▸ **Given information**:
BEGIN

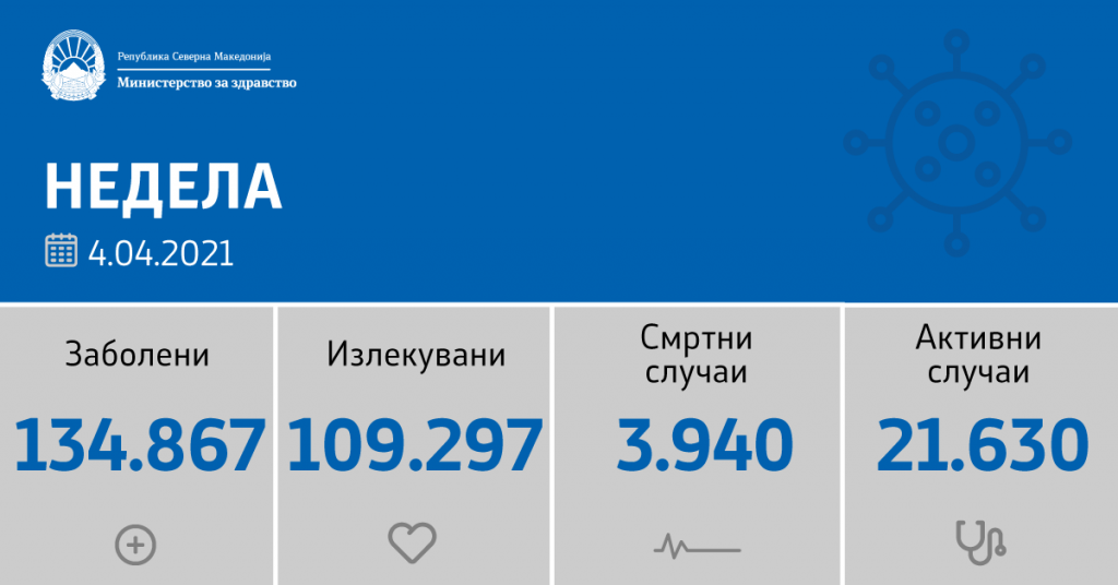 Вкупната бројка на КОВИД-дијагностицирани лица во нашата земја од почетокот на епидемијата изнесува 134.867, бројката на оздравени пациенти е 109.297, на починати е 3.940, а бројот на активни случаи изнесува 21.630.
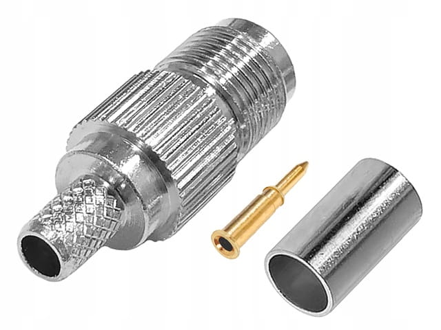 Tulejka na ekranie kabla jest zaciskana, żyła centralna kabla łączona jest z pinem wtyku przez lutowanie lub zaciśnięcie.
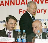 Left to right: Russian Trade and Economic Development Minister German Gref, president of the American Commerce Chamber in Russia Andrew Sommers, and Russian economist, rector of the Moscow High School of Economics Yevgeny Yasin take part in the 5th annual investments conference of the American Commerce Chamber in Russia. The conference was held in the Radisson Slavyanskaya Hotel.

END

▸ **What is needed**: Print the data again word for word, pictures excluded.

▸ **Solution**:
 Вкупната бројка на КОВИД-дијагностицирани лица во нашата земја од почетокот на епидемијата изнесува 134.867, бројката на оздравени пациенти е 109.297, на починати е 3.940, а бројот на активни случаи изнесува 21.630.
 Tulejka na ekranie kabla jest zaciskana, żyła centralna kabla łączona jest z pinem wtyku przez lutowanie lub zaciśnięcie.
 Left to right: Russian Trade and Economic Development Minister German Gref, president of the American Commerce Chamber in Russia Andrew Sommers, and Russian economist, rector of the Moscow High School of Economics Yevgeny Yasin take part in the 5th annual investments conference of the American Commerce Chamber in Russia. The conference was held in the Radisson Slavyanskaya Hotel.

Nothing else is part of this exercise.